That was the topic discussed recently by OCLC Research Library Partners metadata managers, initiated by Chew Chiat Naun of Cornell University. Using identifiers now to point to “things” rather than relying on text strings will facilitate transforming legacy data into linked data later. By linking to authoritative sources through identifiers, libraries can reduce the need for local maintenance of authority files. A number of institutions have already started adding identifiers to their catalog records, including the national libraries of France and Germany.
A Program for Cooperative Cataloging task group is developing a plan to incorporate identifiers (URIs) in MARC bibliographic and authority records as mainstream practice. One challenge is to differentiate real-world objects from descriptions about real-world objects. This distinction may be difficult for catalogers to make, but maybe tools could be created to make this differentiation easier. The goal is to align library practices with those of the semantic web. The task group has focused on MARC fields that support the $0 for identifiers, and the British Library is preparing a proposal to use $4 to specify relationships with identifiers.

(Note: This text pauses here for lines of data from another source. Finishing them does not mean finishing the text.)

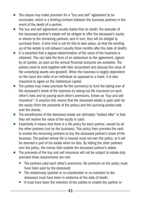 n The buy and sell agreement usually states that on death, the executor of
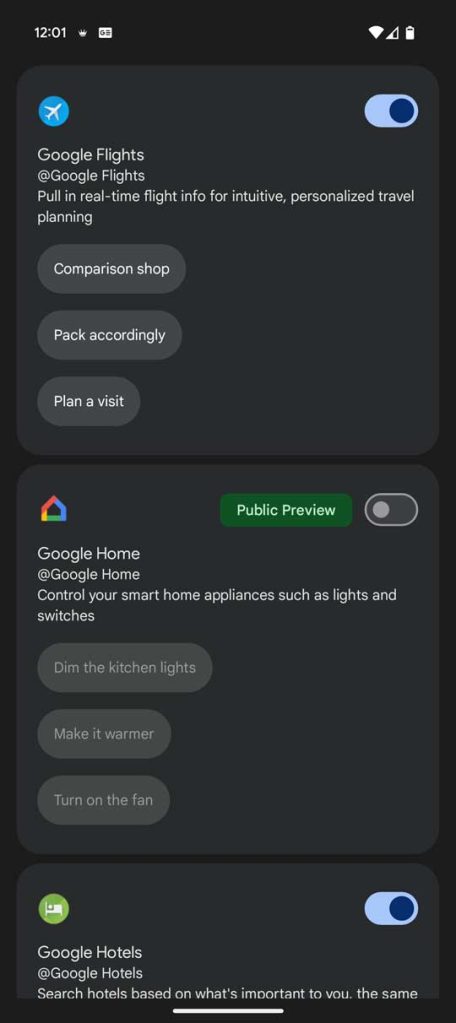 By default, there are some extensions that may be enabled in the Gemini app. On top of that, there are also some extensions that are available for some and not on certain devices. During the rollout period for new extensions, you may find that some extensions are not available. As they become available, they’ll apepar in the Gemini app settings.
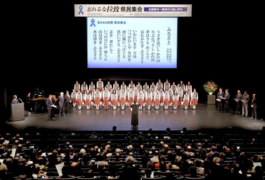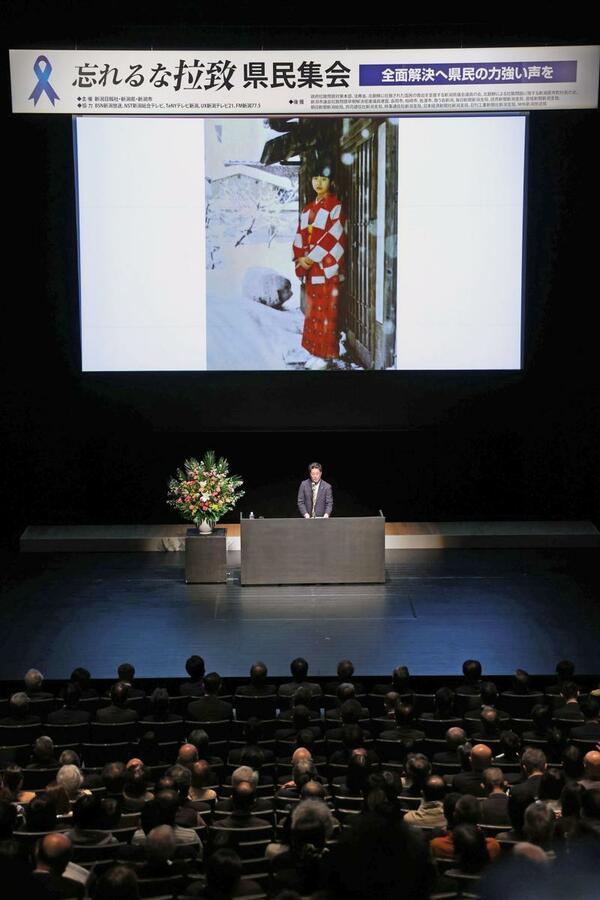 新潟市で横田めぐみさん=失踪当時(13)=が北朝鮮に拉致されてから48年となった15日、拉致被害者らの早期帰国と問題の全面解決を訴える「忘れるな拉致 県民集会」が、新潟市中央区の市民芸術文化会館で開かれた。中継で参加しためぐみさんの母早紀江さん(89)は「これからの子どもたちを守るためにも、みんなで力を合わせて(拉致問題を)解決していただきたい」と協力を呼びかけた。
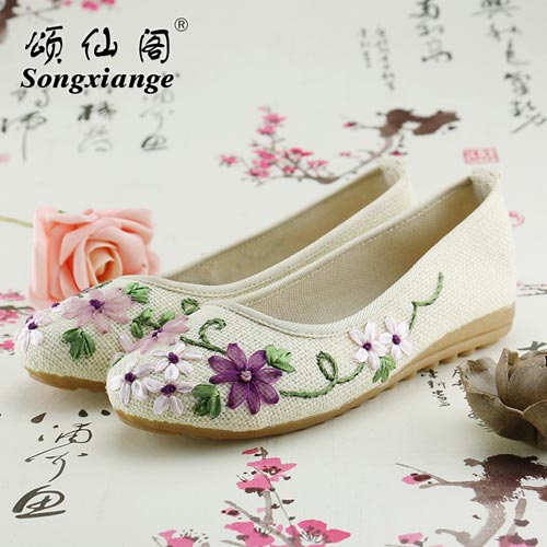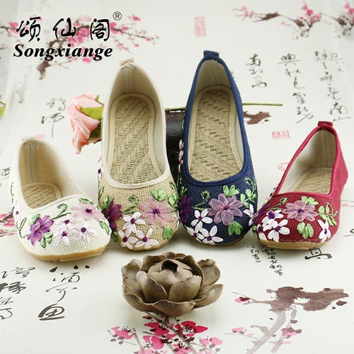颂仙阁绣花鞋亚麻鞋垫单鞋布鞋牛筋底女鞋平跟休闲鞋妈妈鞋
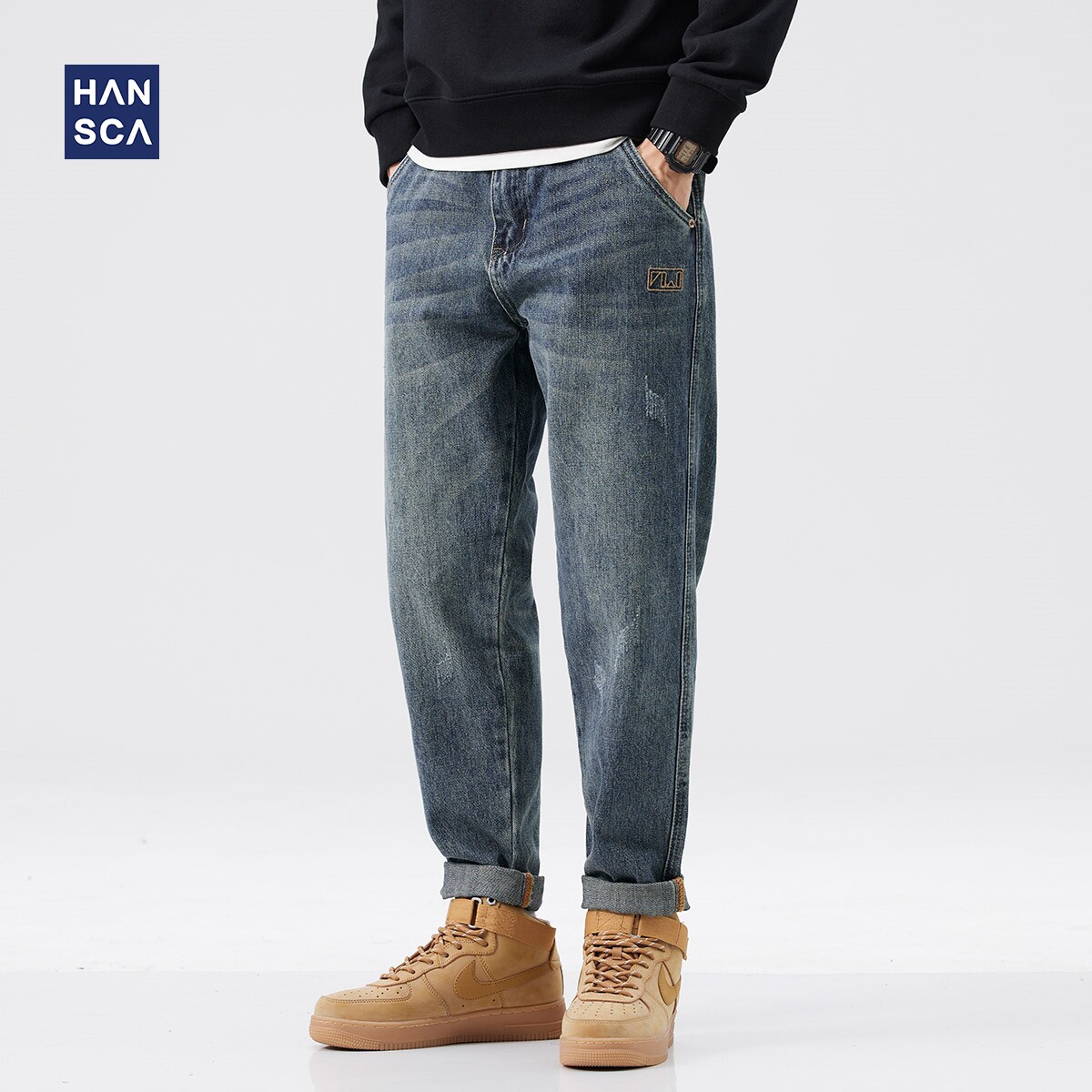 hansca破洞牛仔裤男宽松大码秋冬季潮牌时尚刺绣休闲复古锥形长裤

These identifiers could point to non-library resources. For example, Wikidata already has identifiers for such roles as trumpeter, violinist, translator, librettist, and narrator. The task group’s focus has been on identifiers in bibliographic records because all catalogers can create bibliographic records while only a much smaller subset can create authority records. In some countries, only the national libraries create national authority records. Opportunities for batch enhancement of authorities are limited currently. Ideally, the bibliographic record would have a $0 URI pointing to a real-world object described by an authority record.

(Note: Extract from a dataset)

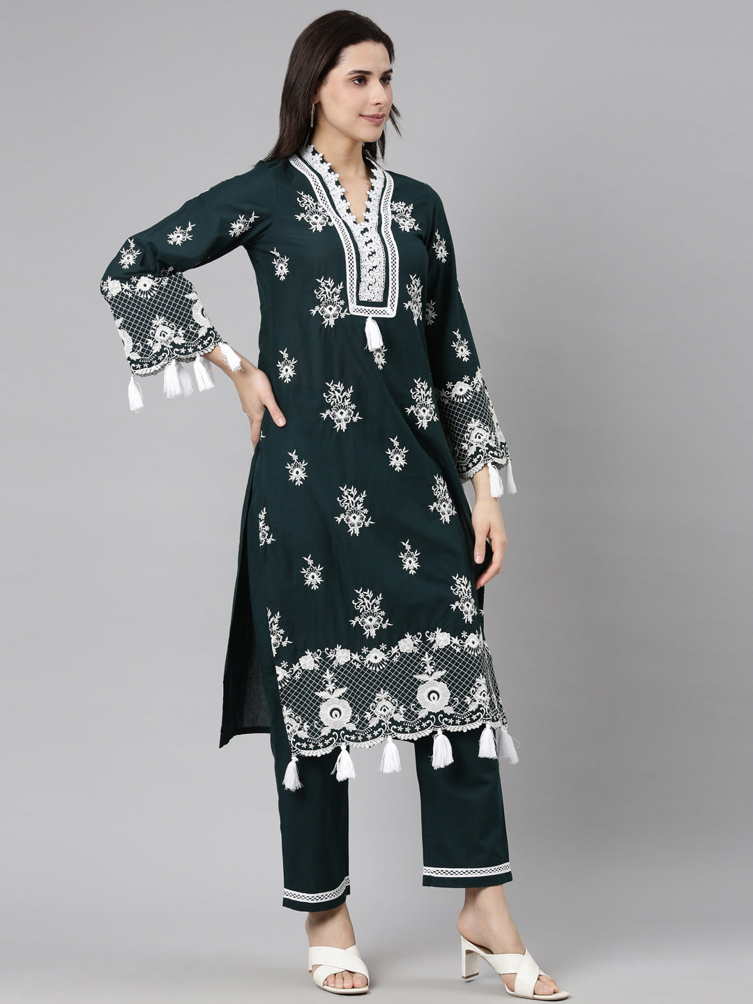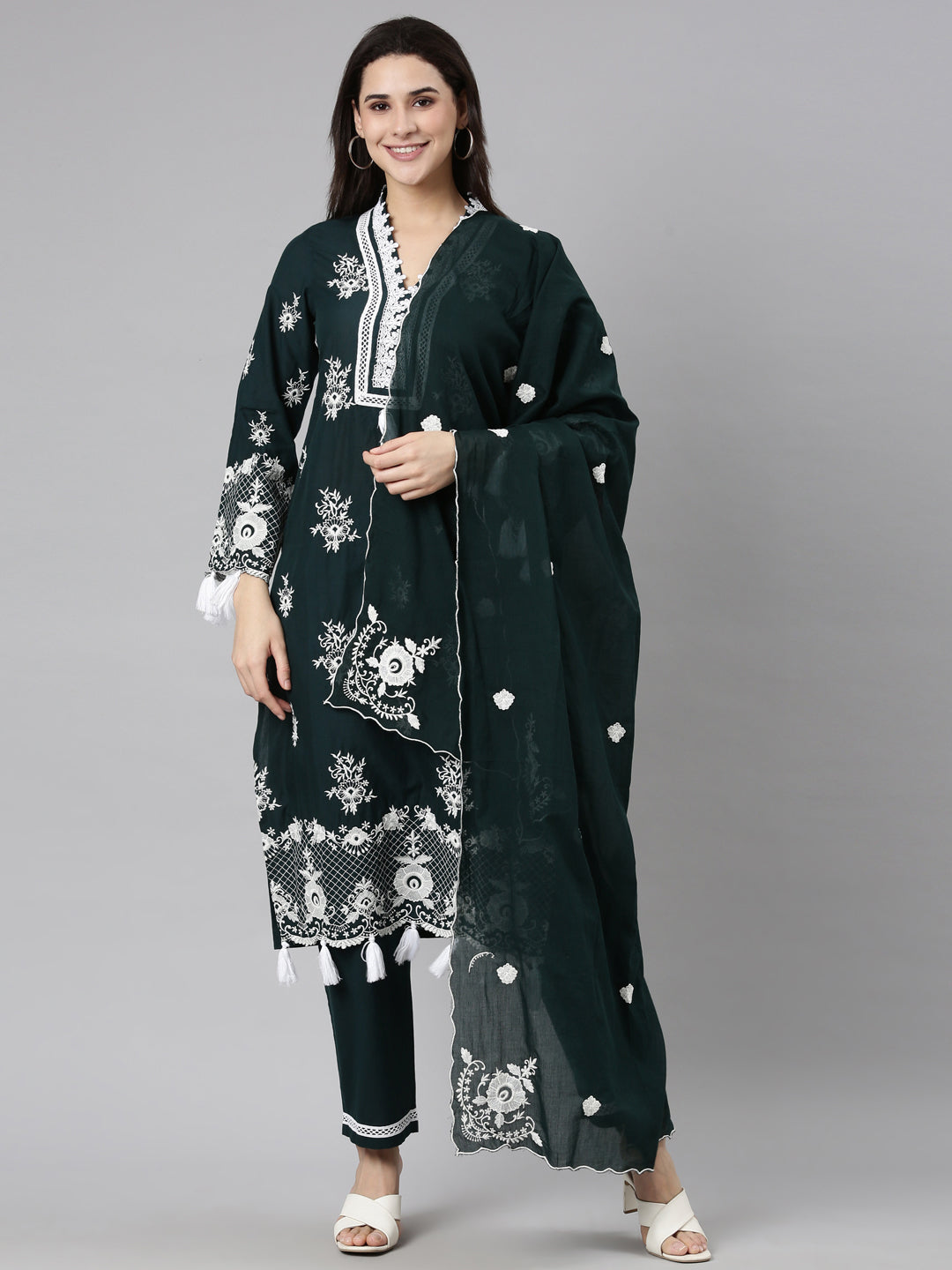 Neerus Green Regular Straight Floral Kurta And Trousers With Dupatta

OCLC’s recent Person Entity Lookup pilot indicated how identifiers might impact authority workflows. By looking up a person and retrieving a number of identifiers, libraries could aggregate associated information from other authorities or sources having a “same as” relationship. For example, Wikidata shows that Noam Chomsky is affiliated with MIT, information that neither the LC/NAF authority file nor VIAF (Virtual International Authority File) includes. One of the most important—and powerful—aspects of adding identifiers is to reduce the amount of copying/pasting in the library environment when the identifier is stewarded elsewhere. Identifiers could provide a bridge between MARC and non-MARC environments and to non-library resources. Librarians wouldn’t have to be the experts in all domains.

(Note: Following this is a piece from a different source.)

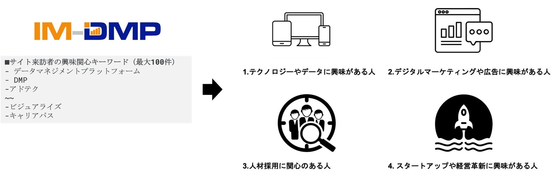 「世の中のさまざまな領域における、データを使った効率化」をミッションに掲げ、国内DMP市場導入シェアNo.1(※1)のデータ活用プラットフォーム「IM-DMP」を保有するデータマーケティングカンパニー。約4.7億のオーディエンスデータ(※2)と高度な分析技術を掛け合わせたデータ活用プラットフォーム「IM-DMP」の提供・構築支援、データ活用に関するコンサルティングサービスを提供しています。また、プライバシー保護に関する取り組みとして、一般社団法人 日本経済団体連合会が掲げる「個人データ適正利用経営宣言」に賛同しています。今後はSales TechやFin Tech、Privacy TechなどのX-Tech領域に事業を展開し「データビジネスのプロデューサー集団」を目指します。
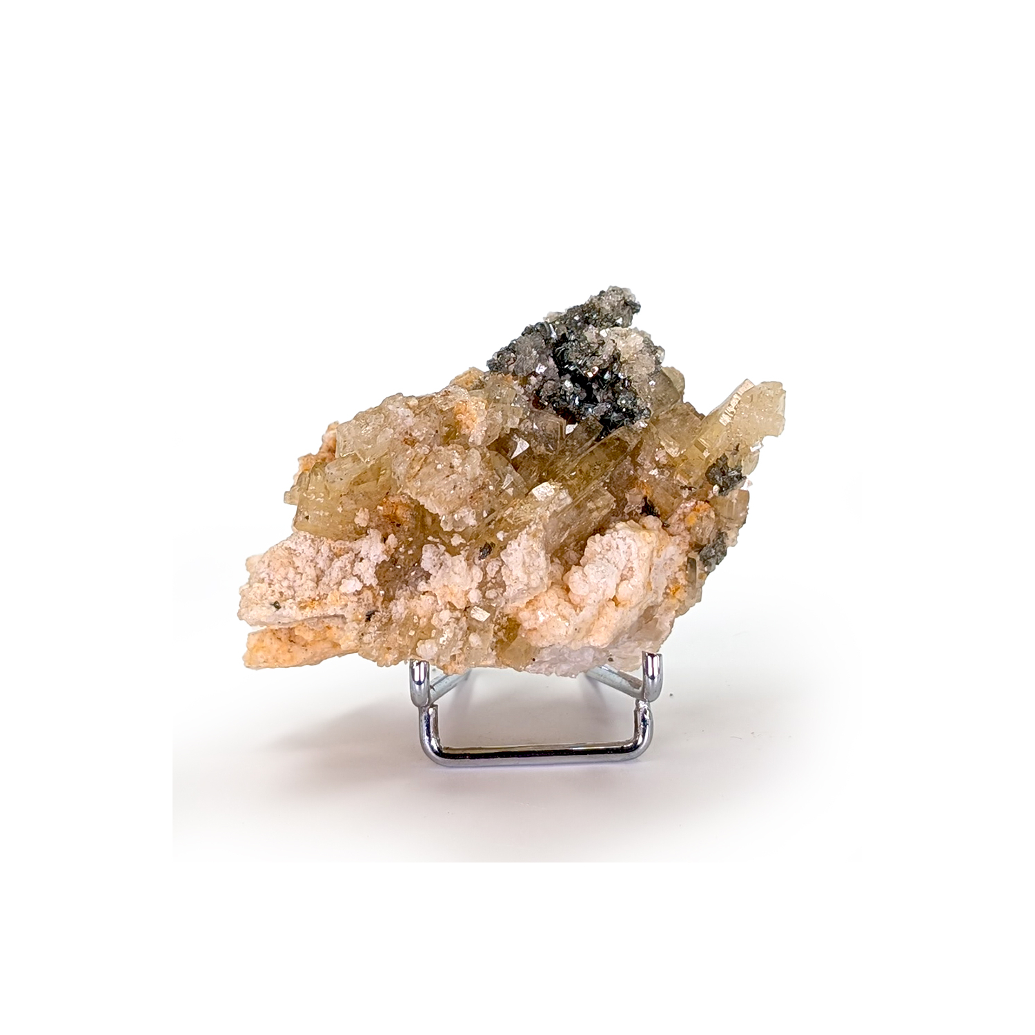 Échantillon agréable de baryte jaune et brillante accompagnée de pyrite sur une gangue de baryte brute.

Other potential areas of impact:
- Much journal literature is described by non-library agencies. Identifiers could link the forms of name in journal articles vs. scholarly profiling services vs. library catalogs, thus transcending currently siloed domains. This should also help catalogers disambiguate names more easily.
- Identifiers could provide links to digital collections and other resources that are not under authority control currently.
- Identifiers linking to other sources could allow us to present users with labels in non-Latin scripts for entitites that are represented only by romanization in our current authority files.
- In a linked data environment, identifiers could bypass authority records. Content negotiation could determine the preferred labels to display to the user. Ultimately, there could be much less emphasis on establishing an “authoritative text string”.
Tools mentioned during the discussions:
- Terry Reese’s MARCEdit (“Build Links Data” enhancements) and the editor produced by LC for its BIBFRAME project include lookups of remote authority services that allow incorporating a range of identifier schemes into cataloging workflows.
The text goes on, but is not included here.